El papel de Ford en Gucci ganó importancia rápidamente; al cabo de seis meses ya diseñaba ropa masculina, y poco después los zapatos. Cuando Richard Lambertson deja el puesto de director de diseño en 1992, Ford asumió la dirección de la marca prêt-à-porter, los perfumes, la imagen, la publicidad y el diseño de la tienda. En 1993, cuando estaba a cargo del diseño de once líneas de productos, Ford trabajaba dieciocho horas al día. Durante estos años, hubo tensiones creativas entre Ford y Maurizio Gucci, presidente de la compañía y propietario del 50 %. Según Mello, «Maurizio siempre quería que todo fuese redondo y marrón, y Tom cuadrado y negro». Aunque Maurizio Gucci quería despedir a Ford, Domenico De Sole insistió en que se quedara. No obstante, el trabajo de Ford durante la década de 1990 fue sobre todo entre bastidores; sus contribuciones a Gucci fueron eclipsadas por los de Mello, que fue la cara pública de la compañía.

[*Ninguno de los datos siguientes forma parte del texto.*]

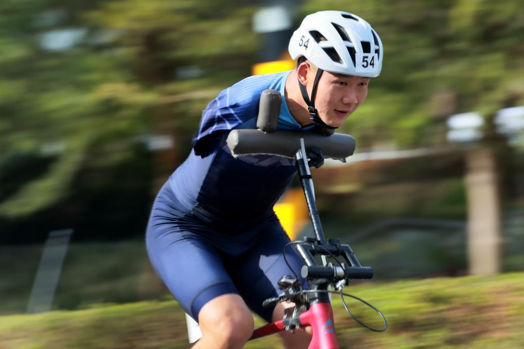 ↑11月27日,新疆隊選手鄧偉在男子PTS2級別自行車比賽中,最終他獲得該級別銅牌。新華社發(fā)(劉春林攝)

En 1994, Ford fue ascendido a director creativo. En su primer año al frente, introdujo los hipsters de terciopelo estilo Halston, camisas de satén ajustadas y botas de charol metálico auto-acabado. En 1995, él trajo al estilista francesa Carine Roitfeld y al fotógrafo Mario Testino para crear una serie de nuevas campañas publicitarias de la compañía. Entre 1995 y 1996, las ventas de Gucci se incrementaron en un 90 %. Basándose en la fuerza de las colecciones de Ford, Gucci se hizo pública en octubre de 1995 con una oferta inicial de $22 por acción, seguido de una oferta adicional global en marzo de 1996 de $48 por acción, y una tercera oferta en 1999 de $75 por acción. A principios de 1999, el conglomerado de productos de lujo LVMH, encabezado por Bernard Arnault, aumentó sus participaciones en Gucci, con miras a la toma de posesión de la empresa. Domenico de Sole reaccionó mediante la emisión de nuevas acciones en un esfuerzo para diluir el valor de las tenencias de Arnault. Ford y De Sole se acercaron al holding francés Pinault-Printemps-Redoute (PPR) planteándo la posibilidad de formar una alianza estratégica. François Pinault, fundador de la compañía, aceptó la idea y compró 37 millones de acciones de la sociedad, lo que suponía una participación del 40 %. La parte del Arnault se diluyó a 20 %. En un momento, Ford fue el mayor accionista individual de Gucci acciones y opciones.